- _Problem statement_
Reproduce only what runs from the line containing "金秋送爽,丹桂飘香。8月26" to the line containing "<B>Screen-Used Knife from" in the records below, inclusive. Keep it exact, and keep the pictures out.

- _Excerpted data_
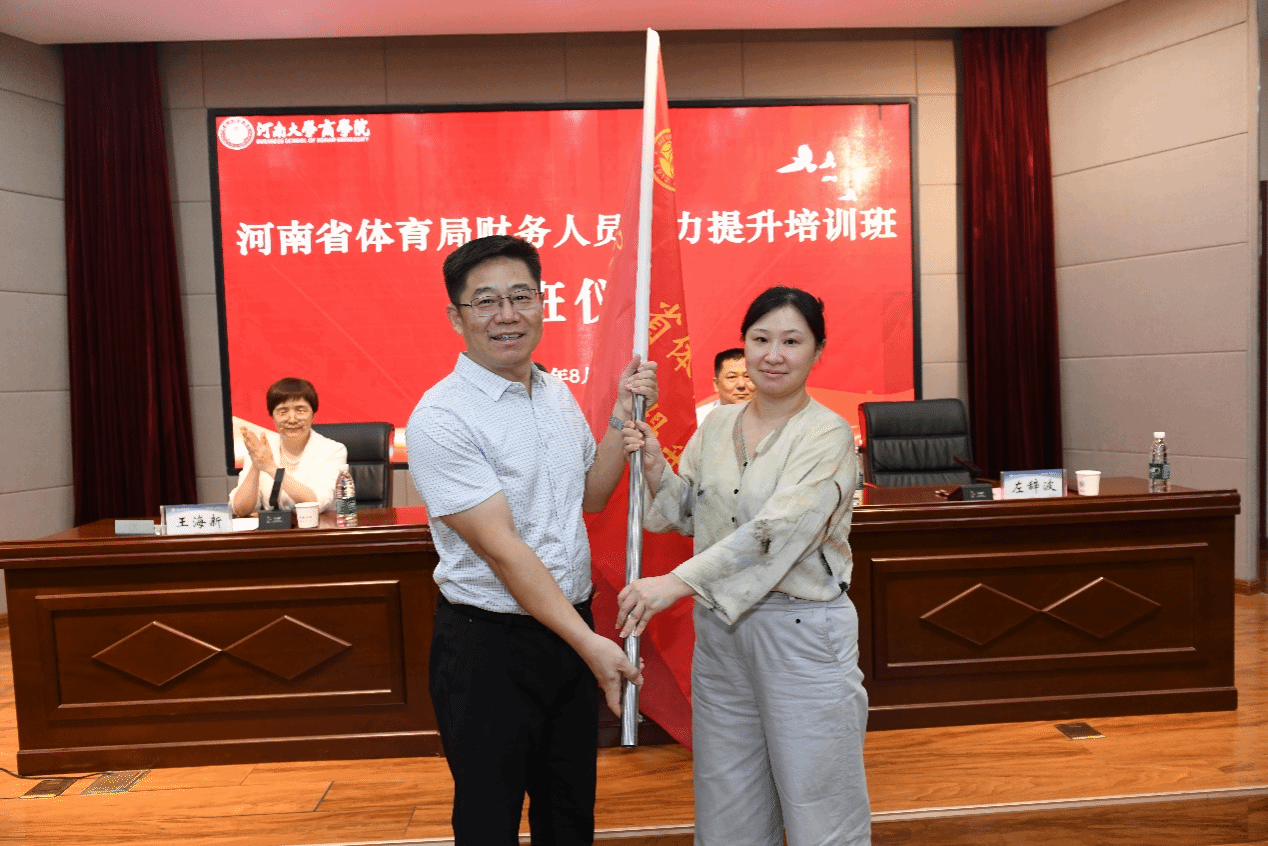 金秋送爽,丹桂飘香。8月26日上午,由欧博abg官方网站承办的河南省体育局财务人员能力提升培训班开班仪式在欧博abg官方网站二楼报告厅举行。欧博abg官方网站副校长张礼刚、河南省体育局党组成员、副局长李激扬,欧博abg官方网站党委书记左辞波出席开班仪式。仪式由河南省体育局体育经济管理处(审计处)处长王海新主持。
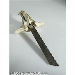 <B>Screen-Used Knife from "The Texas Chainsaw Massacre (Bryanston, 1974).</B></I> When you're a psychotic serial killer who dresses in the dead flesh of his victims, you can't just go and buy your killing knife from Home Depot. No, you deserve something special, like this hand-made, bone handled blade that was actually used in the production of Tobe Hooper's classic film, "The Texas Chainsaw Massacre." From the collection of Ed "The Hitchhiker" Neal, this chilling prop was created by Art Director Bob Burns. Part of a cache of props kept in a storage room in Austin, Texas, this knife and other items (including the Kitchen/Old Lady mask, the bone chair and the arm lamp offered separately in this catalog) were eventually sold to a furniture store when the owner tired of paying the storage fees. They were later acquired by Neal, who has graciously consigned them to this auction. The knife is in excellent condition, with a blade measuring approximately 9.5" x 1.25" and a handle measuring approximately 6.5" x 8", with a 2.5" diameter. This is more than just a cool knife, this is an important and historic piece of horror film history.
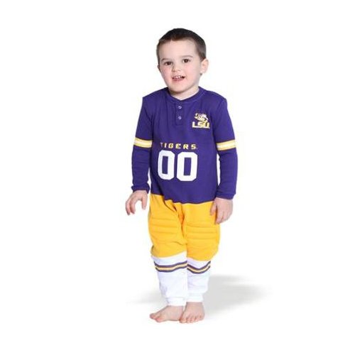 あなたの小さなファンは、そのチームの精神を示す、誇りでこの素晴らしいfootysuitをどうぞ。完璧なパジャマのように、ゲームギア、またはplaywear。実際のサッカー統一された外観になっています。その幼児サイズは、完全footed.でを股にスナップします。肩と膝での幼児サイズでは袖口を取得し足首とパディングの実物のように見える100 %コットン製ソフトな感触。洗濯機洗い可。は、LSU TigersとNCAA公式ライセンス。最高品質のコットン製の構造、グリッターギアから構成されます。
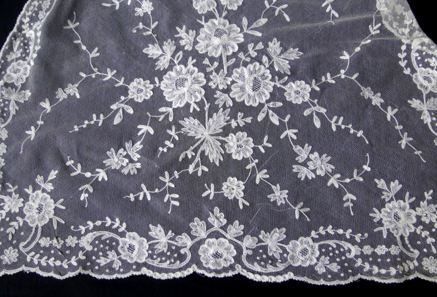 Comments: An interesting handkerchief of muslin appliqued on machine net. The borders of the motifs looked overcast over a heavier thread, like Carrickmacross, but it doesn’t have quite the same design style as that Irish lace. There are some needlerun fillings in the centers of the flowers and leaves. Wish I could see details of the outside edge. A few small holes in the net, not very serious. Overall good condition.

==

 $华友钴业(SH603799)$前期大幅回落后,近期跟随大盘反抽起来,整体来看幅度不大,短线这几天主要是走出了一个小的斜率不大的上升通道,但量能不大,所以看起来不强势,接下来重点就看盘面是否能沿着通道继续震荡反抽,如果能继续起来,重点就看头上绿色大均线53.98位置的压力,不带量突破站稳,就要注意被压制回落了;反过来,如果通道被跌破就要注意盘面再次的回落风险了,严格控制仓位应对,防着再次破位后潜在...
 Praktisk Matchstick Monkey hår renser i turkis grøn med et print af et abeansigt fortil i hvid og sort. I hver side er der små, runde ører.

- _Response for this exercise_
 金秋送爽,丹桂飘香。8月26日上午,由欧博abg官方网站承办的河南省体育局财务人员能力提升培训班开班仪式在欧博abg官方网站二楼报告厅举行。欧博abg官方网站副校长张礼刚、河南省体育局党组成员、副局长李激扬,欧博abg官方网站党委书记左辞波出席开班仪式。仪式由河南省体育局体育经济管理处(审计处)处长王海新主持。
 <B>Screen-Used Knife from "The Texas Chainsaw Massacre (Bryanston, 1974).</B></I> When you're a psychotic serial killer who dresses in the dead flesh of his victims, you can't just go and buy your killing knife from Home Depot. No, you deserve something special, like this hand-made, bone handled blade that was actually used in the production of Tobe Hooper's classic film, "The Texas Chainsaw Massacre." From the collection of Ed "The Hitchhiker" Neal, this chilling prop was created by Art Director Bob Burns. Part of a cache of props kept in a storage room in Austin, Texas, this knife and other items (including the Kitchen/Old Lady mask, the bone chair and the arm lamp offered separately in this catalog) were eventually sold to a furniture store when the owner tired of paying the storage fees. They were later acquired by Neal, who has graciously consigned them to this auction. The knife is in excellent condition, with a blade measuring approximately 9.5" x 1.25" and a handle measuring approximately 6.5" x 8", with a 2.5" diameter. This is more than just a cool knife, this is an important and historic piece of horror film history.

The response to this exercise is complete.